This past Monday, April 12th, Visual Studio 2010 was launched. And on that same day, Microsoft also launched a new line of mobile phone handsets, called Kin. The two product launches are actually connected, but only by what they do not have in common, and what they commonly lack.
On the former point: VS 2010 had released to manufacturing a couple weeks prior to its launch. The Kin phones, meanwhile are not yet available. We don’t even know what they will cost. (And I think cost will be a major factor in Kin’s success…I told ChannelWeb’s Yara Souza so in this article).
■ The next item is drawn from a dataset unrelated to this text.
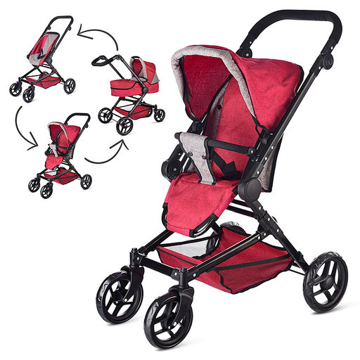 Коляска-трансформер для кукол цвет красно-серый, в коробке

What do the two products both lack? Simple: Windows Mobile 6.x. For example, Kin seems to be based on the same platform as Windows Phone 7 (albeit a subset). And VS 2010 does not support .NET Compact Framework development, which means no .NET development support for WinMo 6.x and earlier.
So I guess April 12th marks Windows Phone “clean slate day.” If you want to develop for the old phone platform, you will need to use the old version of Visual Studio (i.e. 2008). Luckily VS 2010 and 2008 can be installed side-by-side. But I doubt that’s much consolation to developers who still target WinMo 6.5 and earlier.
Remember, WinMo isn’t just about the phone. There are all sorts of non-telephony mobile devices, including ruggedized Pocket PC-style instruments, bar code readers and shop-floor-deployed units that don’t run Windows Phone 7 and couldn’t, even if they wanted to.
Where will developers in these markets go? I would guess some will stick with WinMo 6.x and earlier, until Windows Phone 7 can handle their workloads, assuming that does indeed happen. Others will likely go to Google’s Android platform.
For OEMs and developers who need a customizable mobile software stack, Android is turning out to be out-WinMo-ing WinMo. As I wrote in this post, Google took Microsoft’s model (minus the licensing fees) and combined it with a modern SmartPhone feature set (rather than a late 90s/early oughts PDA paradigm), to great success. You might say Google embraced and extended.
You might also say Microsoft shunned and withdrew.